À cette question, le Baal Chem Tov et le Maguid de Mézéritch répondirent que son emprisonnement eut pour effet dans le ciel d’annuler l’accusation31 et qu’au contraire, lorsqu’il sortirait de prison, il « enseignerait encore plus », et ceci, dans le but cette fois de préparer le peuple juif à la révélation messianique des secrets de la Torah, ce que Rachi appelle dans son commentaire du Cantique des Cantiques « Sod taameiha oumistar tsefounoteiha - les secrets de ses raisons et l’aspect caché de ses trésors ».

Un enseignement concret

Cette analyse nous permet de tirer aussi un enseignement pour notre génération.

En effet, la réponse du Baal Chem Tov et du Maguid de Mézéritch au Baal Hatanya dépasse en fait le seul cadre de son emprisonnement et doit être comprise comme s’adressant aussi à tout le peuple juif. C’était une manière d’indiquer que chacun doit à présent se préparer aux temps messianiques en étudiant l’ésotérisme juif selon la perspective de l’analyse méthodique du 'hassidisme Habad.

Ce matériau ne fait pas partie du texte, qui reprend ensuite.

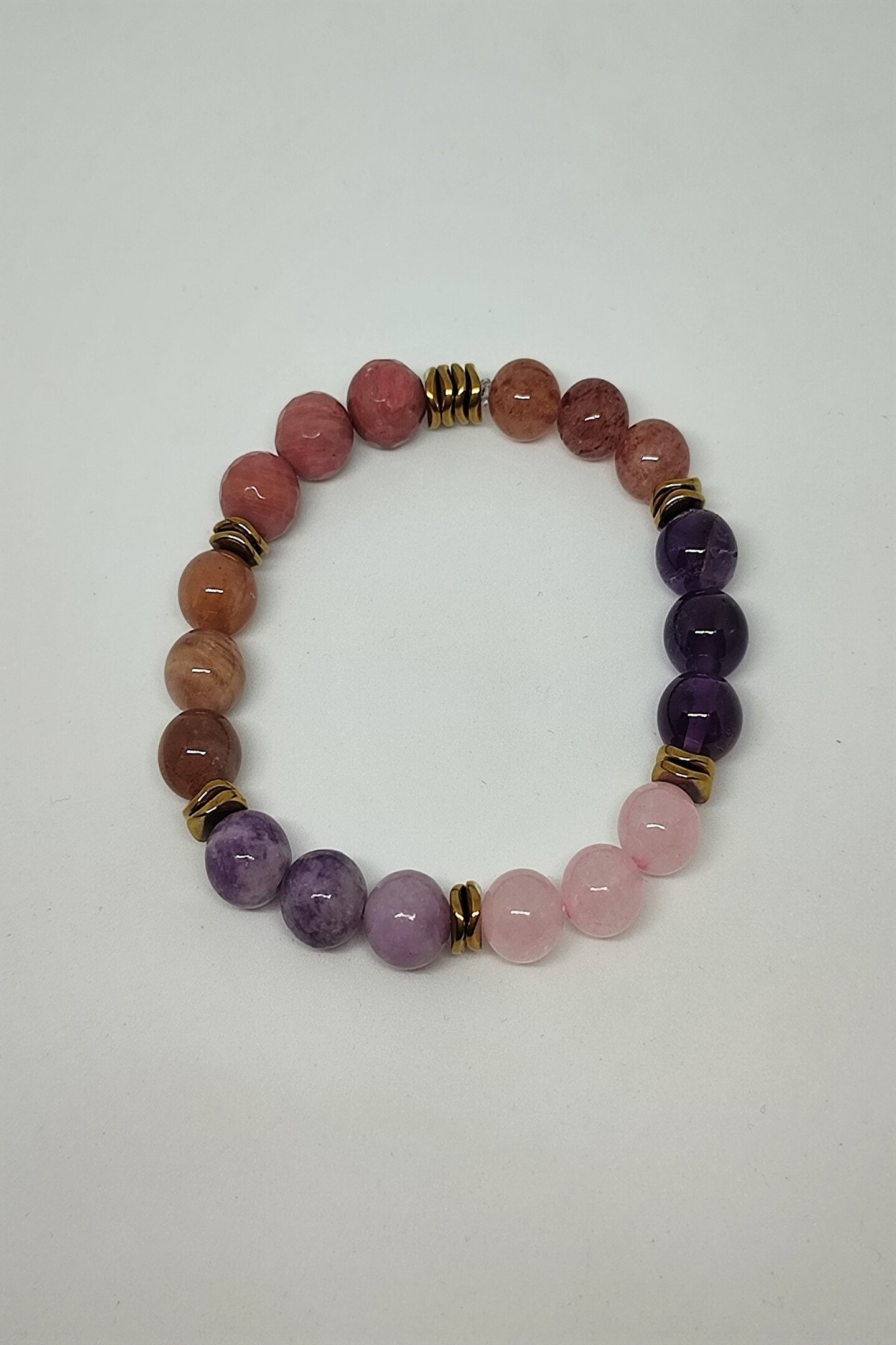 - Doğal taş bileklik, şıklığı ve doğallığı bir arada sunar; - Sertifikalı güneş taşı, lepidolit, ametist, rodonit, pembe kuvars ve çilek kuvars gibi değerli taşlarla tasarlanmıştır; - Her bir bileklik, benzersiz ve özgün bir görünüm kazandırır; - Bu bileklikler, hem günlük kullanım hem de özel günler için ideal bir aksesuar seçeneği oluşturur;

En fait, une telle approche donne à cette étude une perspective toute différente, car elle concerne alors aussi celui qui considère que sa vie spirituelle n’est pas dans la situation de danger qui pourrait justifier cette étude. Un tel individu peut trouver suffisante l’étude de la partie de législative de la Torah, des livres d’éthique juive (en hébreu « Moussar »), voire de la pensée 'hassidique telle qu’elle a été dévoilée par le Baal Chem Tov et ses élèves32. Mais alors, comment pourrait-il se considérer exempté de l’étude d’une partie de la Torah, alors que la loi juive stipule33 que chacun doit étudier toute la Torah, « qu’il s’agisse du sens simple de la loi, des allusions, des allégories ou et des secrets ». A fortiori en est-il ainsi si l’on considère le devoir que chacun a d’après nos Sages34 de « mettre en évidence une idée cachée dans la Torah », principe qui concerne « le domaine de la loi juive, celui des récits rapportés à propos de nos Sages, la partie révélée comme dans la partie cachée ».35

Et grâce au fait que les sources du Baal Chem Tov se répandront à l’extérieur, nous mériterons, selon la promesse faite par le Machia'h au Baal Chem Tov36, l’avènement des temps messianiques et alors se réalisera la promesse selon laquelle « la terre sera remplie de la connaissance de D.ieu comme les eaux recouvrent le fond des océans ».